HARRISBURG -- The state will essentially drop a controversial work-search requirement it had sought to impose as part of its overhaul of Pennsylvania's Medicaid program, according to documents that became public Thursday.
A letter from Gov. Tom Corbett to Kathleen Sebelius, U.S. Department of Health and Human Services secretary, says the governor wants to "move forward in good faith and work towards a reasonable compromise" on the matter. He is instead proposing a voluntary pilot program called "Encouraging Employment."
No other state has a work requirement for its Medicaid program, and state officials had acknowledged it would be difficult to get the federal government to agree to such a condition for the low-income individuals the program serves.
Corbett administration officials disputed Thursday the idea they were dropping the requirement, however.
"This is not dropping anything," said Jay Pagni, a spokesman for Mr. Corbett. "We're willing to have an alternative so that this does not block the entire [Medicaid] waiver."
"We're not [dropping it]," said Jen Branstetter, director of policy and planning for the administration, adding that the waiver is a test as to whether the Obama administration is willing to work in good faith with the state.
She characterized the new proposal as a "potential modification."

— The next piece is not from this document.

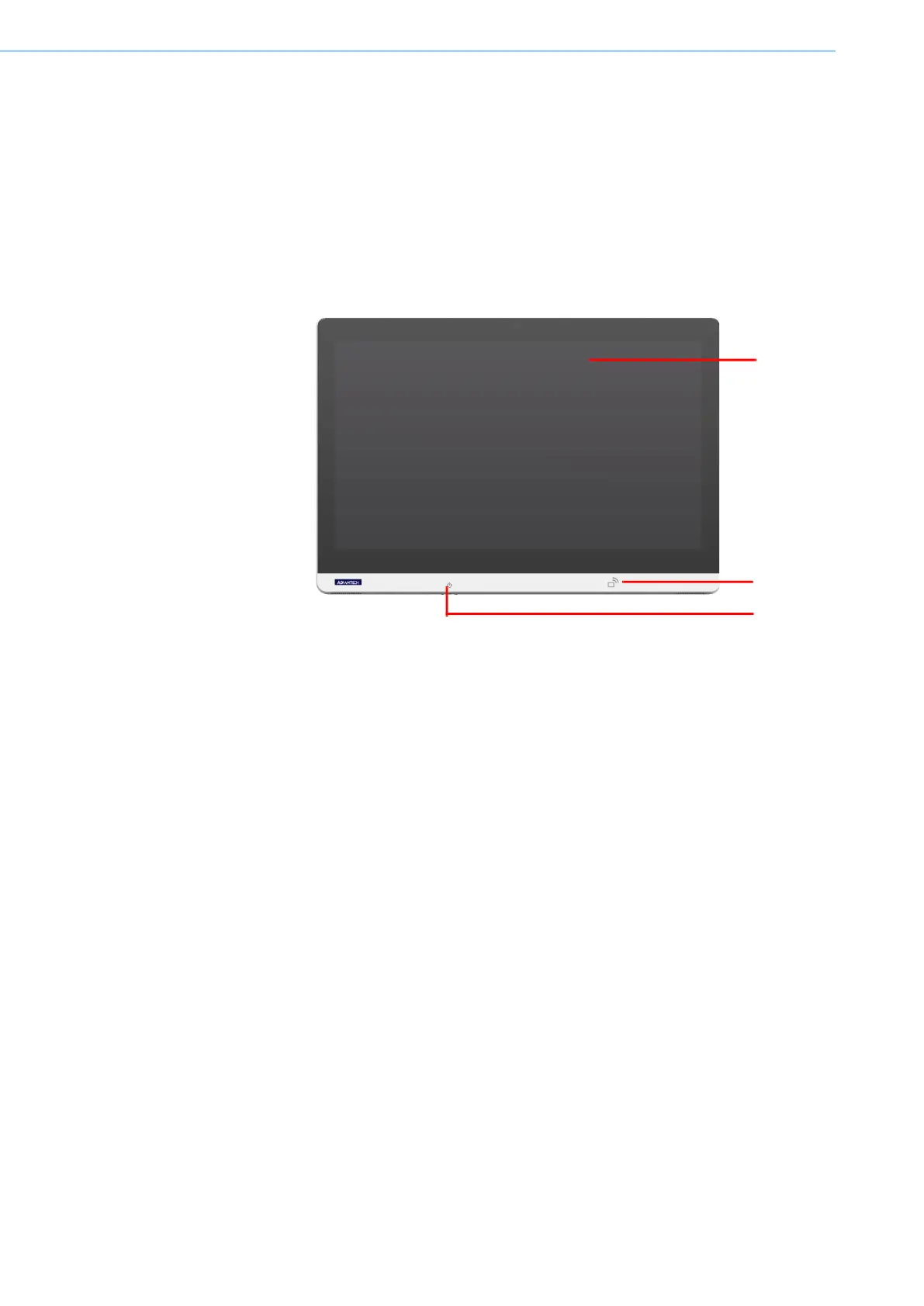 When you place the POC-821 upright on the desktop, its front panel appears as

The original requirement would have applied to some of the approximately 500,000 people who will become eligible to purchase private health insurance with a subsidy if the governor's Healthy PA plan is approved. Certain groups such as the elderly, disabled, and pregnant women would have been exempt -- as well as those already employed.

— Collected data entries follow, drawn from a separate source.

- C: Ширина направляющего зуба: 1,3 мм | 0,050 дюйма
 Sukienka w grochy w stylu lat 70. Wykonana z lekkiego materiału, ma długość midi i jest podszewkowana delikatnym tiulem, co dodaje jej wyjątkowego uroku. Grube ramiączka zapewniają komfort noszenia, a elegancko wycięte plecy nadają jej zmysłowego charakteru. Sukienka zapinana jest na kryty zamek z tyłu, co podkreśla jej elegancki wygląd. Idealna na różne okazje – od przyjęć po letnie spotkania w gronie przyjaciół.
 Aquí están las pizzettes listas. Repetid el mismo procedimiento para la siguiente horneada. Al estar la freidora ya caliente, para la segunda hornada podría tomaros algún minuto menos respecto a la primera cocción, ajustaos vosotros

The entire plan is pending approval by the federal government. Medicaid is a state-operated health insurance plan for poor and disabled people, funded jointly by state and federal governments. The 2010 Affordable Care Act seeks to expand Medicaid eligibility nationwide and is offering states billions of dollars to make that expansion happen.
But so far, Pennsylvania has not expanded or otherwise modified its Medicaid program. In order to get the federal expansion money, HHS must sign off on any program changes.
Democrats and other critics of the governor have said a straightforward expansion of traditional Medicaid would be faster, easier, and take advantage of federal funds.
State Sen. Vincent Hughes, D-Philadelphia, one of the Legislature's strongest proponents of Medicaid expansion, said he viewed the proposed change as a step in the right direction but also characterized it as a "baby step."
In his Wednesday letter to Ms. Sebelius, Mr. Corbett now proposes a "voluntary, one-year pilot program" to provide access to job training; participants would see a reduction in their premiums as an incentive to participate. People working 30 hours or more per week would see a premium or copayment reduction of 40 percent, those working 20-29 hours per week would see a 25 percent reduction and those in the voluntary program working less than 20 hours would be asked to register on the state's Job Gateway website and agree to engage in job-training activities each month.
The program would be completely voluntary and would not be a condition of eligibility, according to an outline sent to HHS with Mr. Corbett's letter.
One critic of Mr. Corbett's Healthy PA proposal said she saw it as encouraging that the governor was willing to be flexible on this point, but approval of his job-search plan was still unlikely.
"Medicaid is not a job-training program. Running a pilot program that is a job-training program is not what Medicaid dollars are intended for," said Joan Alker, executive director of the Georgetown University Center for Children and Families and an expert on Medicaid waivers.